As described above, according to the present invention,
Since the surface is completely covered with the antifouling flat yarn, it is possible to provide an antifouling composite yarn having a continuous antifouling effect. Further, since the inside is made of a normal monofilament or its twisted yarn, the strength is not reduced as compared with the antifouling material constituted by only this monofilament. Therefore, it is possible to provide an excellent antifouling composite yarn satisfying the problems such as sustainability of the antifouling effect and productivity without contradiction and an excellent antifouling material such as ropes and fishing nets using the yarn at low cost. Furthermore, since the composition containing copper or a copper compound as an antifouling active ingredient is wider than the monofilament called flat yarn, the notch effect can be suppressed even if copper or a copper compound having a large particle size is contained.
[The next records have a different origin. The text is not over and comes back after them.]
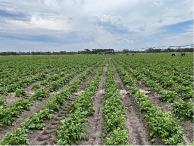 Scott Merrett from Legacy Farm in Penola, South Australia, worked with Nutrien Ag Solutions sales agronomist, Henry Smith, on a trial on 10 hectares of Innovator potatoes in December 2023. Utrisha N was applied about two months after planting, at approximately 50% row closure, at a rate of 333g/ha.
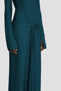 The body-sculpting stretch jersey of the Long Sleeve Gathered Midi Dress creates a figure-flattering silhouette. A circular gathered detail at the front waist adds a flattering focal point, while long sleeves with split cuffs add a discreet design detail. A new-season Dark Teal colourway offers further refinement and versatility. Size & Fit - The model is 5'11’’/180cm and is wearing a size 6 - Fits true to size, take your normal size Product Details - High shine, stretch jersey fabrication - Circle gathered detail - Round neckline - Long sleeves with split cuff - Back hip gathering - Concealed zip with hook & eye closure - 90% Viscose 10% Elastane - Made in Portugal
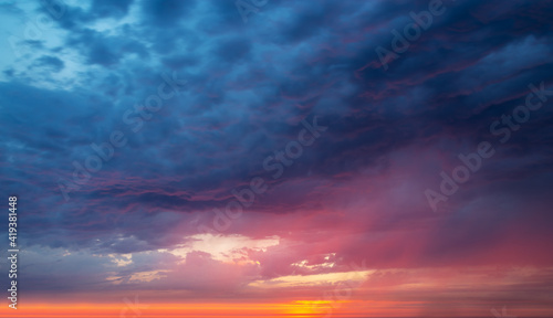 Colorful dramatic dark stomy sky with clouds at sunset, nature background
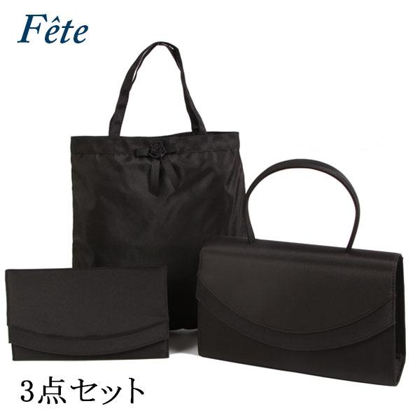 フォーマルバッグ フェッテ フ フォーマルバ 定番 手提げ 黒 結婚式 弔辞 手提げサブバッグ&ふくさ 3点セット Fete
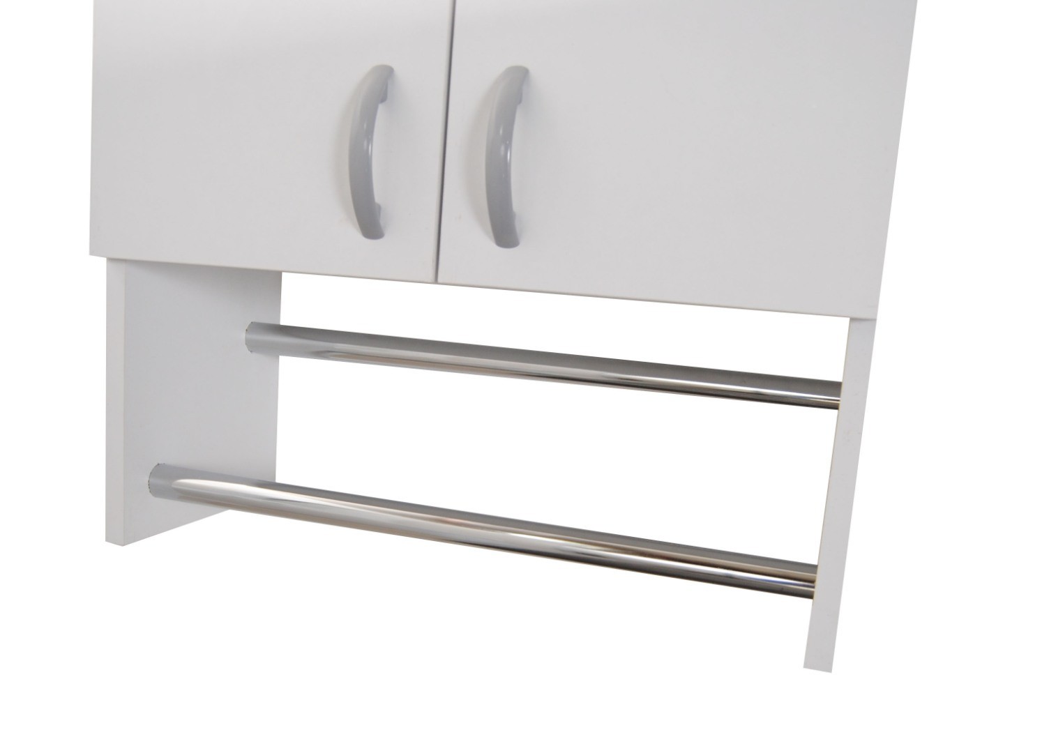 Carcasa dulapului este confectionata din PAL, usile din PAL lucios si cele 2 suporturi pentru prosoape sunt metalice, cromate. Toate materialele sunt tratate astfel incat sa reziste la mediul umed si coroziune.Â
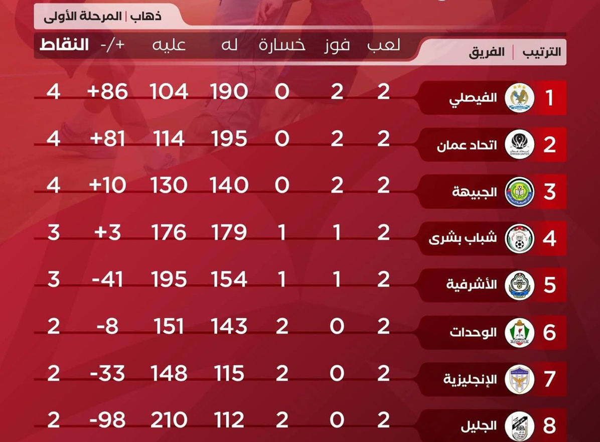 ملاعب - تصدر النادي الفيصلي جدول ترتيب الدوري الاردني لكرة السلة بعد نهاية الجولة الثانية ضمن مرحلة الذهاب.
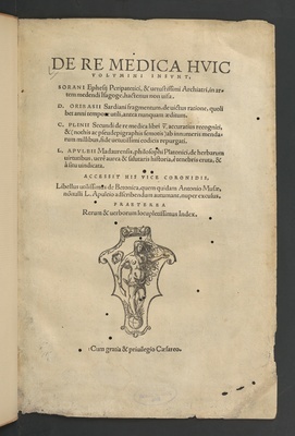 De Re Medica Hvic Volvmini Insvnt, ... Accessit His Vice Coronidis, Libellus utilissimus de Betonica, quem quidam Antonio Musæ, no[n]nulli L. Apuleio adscribendum autumant, nuper excusus. Praeterea Rerum & uerborum locupletissimus Index
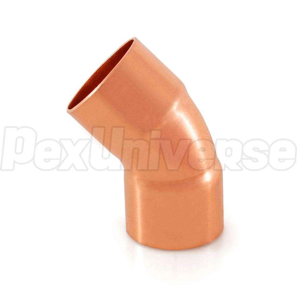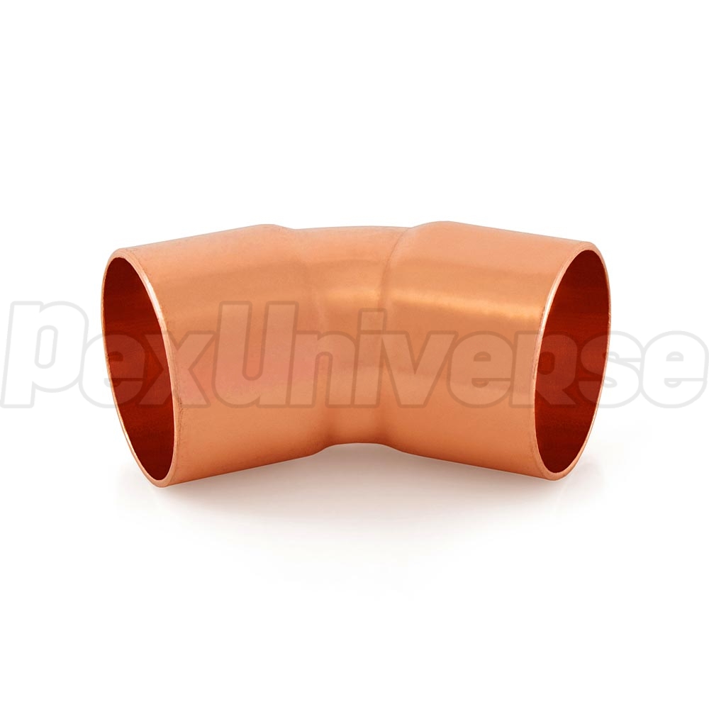 This female sweat x female sweat elbow connects two 1-1/4" copper pipes at a 45-degree angle.
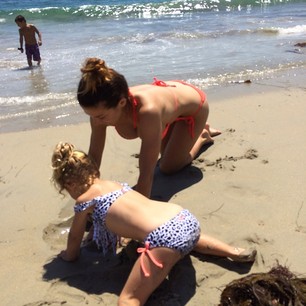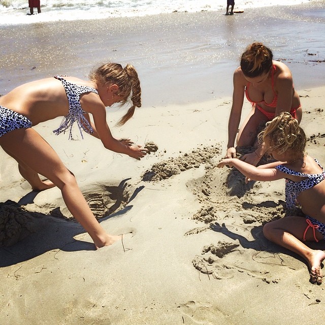 Сегодня Анна Седокова опубликовала снимки, сделанные на знаменитом пляже Лагуна-Бич в Калифорнии. На фото Аня вместе с дочками строит песочный замок.
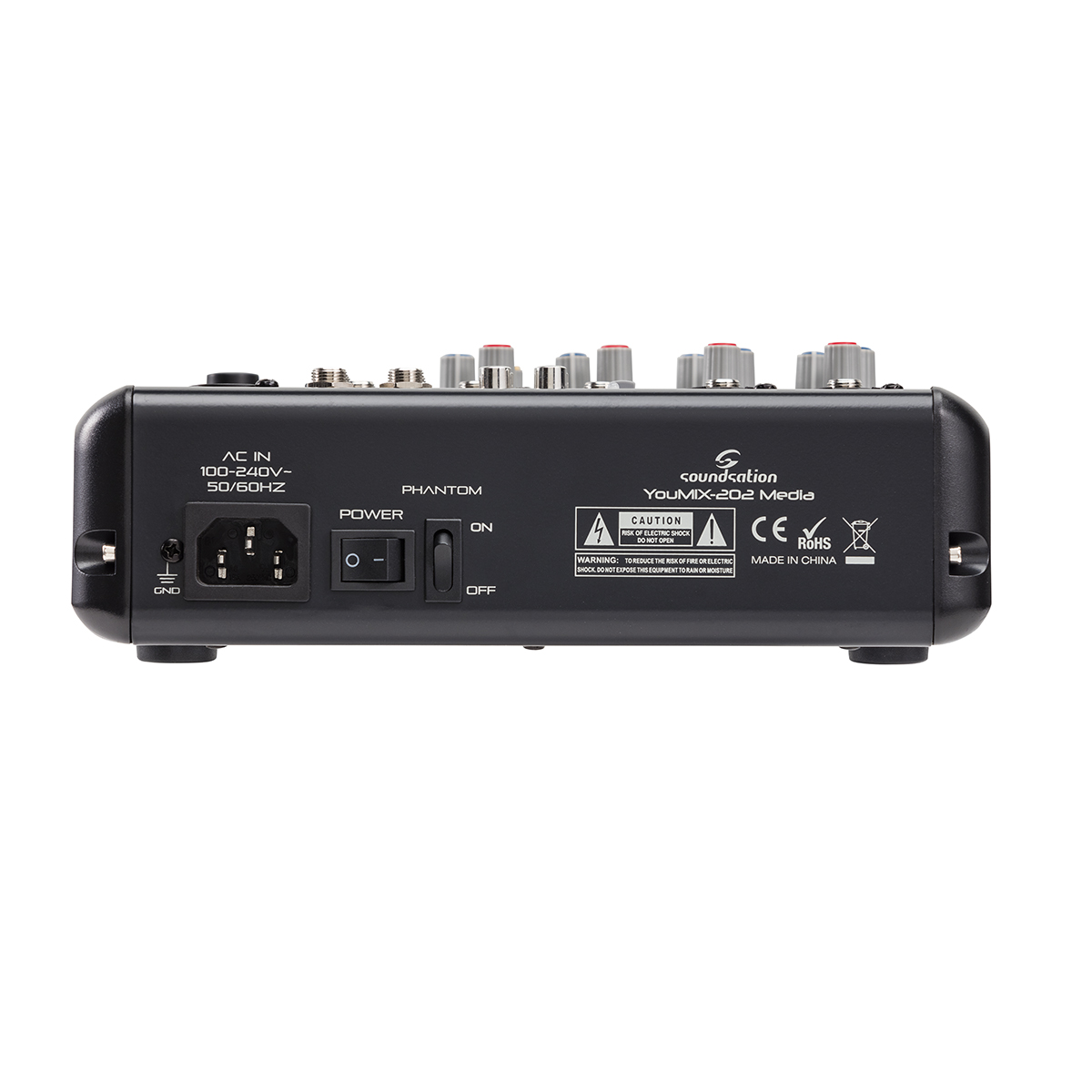 - YouMix széria kombinálja a hordozhatóságot a maximális minőséggel , különböző szűrőkkel. Minőségi SMD-ből készült komponenseinek köszönhetően kompakt kivitelben elfér mindaz, ami egyéb esetben nagyobb helyet igényelne: 60mm-es hangerő szabályzó, SOLO funkció,egy kijelző a digital-multieffect és USB lejátszó számára,BT csatlakozási lehetőség. A szériában két modell elérhető: 2 illetve 4 mic/line csatornás keverő(Plusz 2 Line sztereó bement): YouMix-202 Media és YouMix-402 Media. Ideálisak élőzenéhez,otthoni használathoz,podcast típusú műsorokhoz, és minden olyan szituációhoz ahol fontos szempont a fő funkciók elérhetősége egy kompakt kivitelben. A mikrofon előerősítő alacsony zajszinttel és széles torzításmentes tartománnyal rendelkezik, így garantálja a tiszta és természetes hangzást , független a csatlakoztatható mikrofon típusától: kondenzátor mikrofon(+48V fantomtáppal),dinamikus mikrofon,line signals/high impedance típusú eszközök. A digital-multieffect 256 előbeállítást kínál , melyben megtalálja a legtöbbet használt effekteket is (Room,Hall,Vocal,Plate reverbs,Delay,Echo,Chorus,Flanger,Combo). Az USB lejátszó MP3 típusú fájlok lejátszására alkalmas(egészen 48kHz 32-bit@320kbps-ig), a BT kapcsolódási lehetőség segítségével pedig gördülékenyen streamelhető bármilyen audió forrás. Az USB lejátszó és BT az egyik sztereó line bemeneten fut, így kihasználva az in-line csatorna vezérlőket(Gain,2-Band EQ,FX send ,Pan és Solo). A YouMix képviseli az olyan kompakt megoldásokat ahol a minőség elengedhetetlen szempont.

Can
The antifouling effect can be further maintained while maintaining the strength.

Claims (6)

[Claims] 1. An antifouling composite yarn obtained by coating at least the surface of a monofilament or a twisted yarn thereof with a flat yarn obtained from a thermoplastic resin composition containing copper or a copper compound and a water-soluble resin. 2. An antifouling composite yarn obtained by coating at least the surface of a monofilament or a twisted yarn thereof with a flat yarn obtained from a thermoplastic resin composition containing cuprous oxide and polyethylene oxide. 3. The antifouling composite yarn according to claim 1, wherein the thermoplastic resin composition contains a metal having a higher ionization tendency than copper or a compound thereof. 4. The antifouling composite yarn according to claim 3, wherein the metal having a higher ionization tendency than copper is iron. 5. An antifouling material comprising a rope made of the antifouling composite yarn according to any one of claims 1 to 4. 6. An antifouling material comprising a net body made of the antifouling composite yarn according to any one of claims 1 to 4.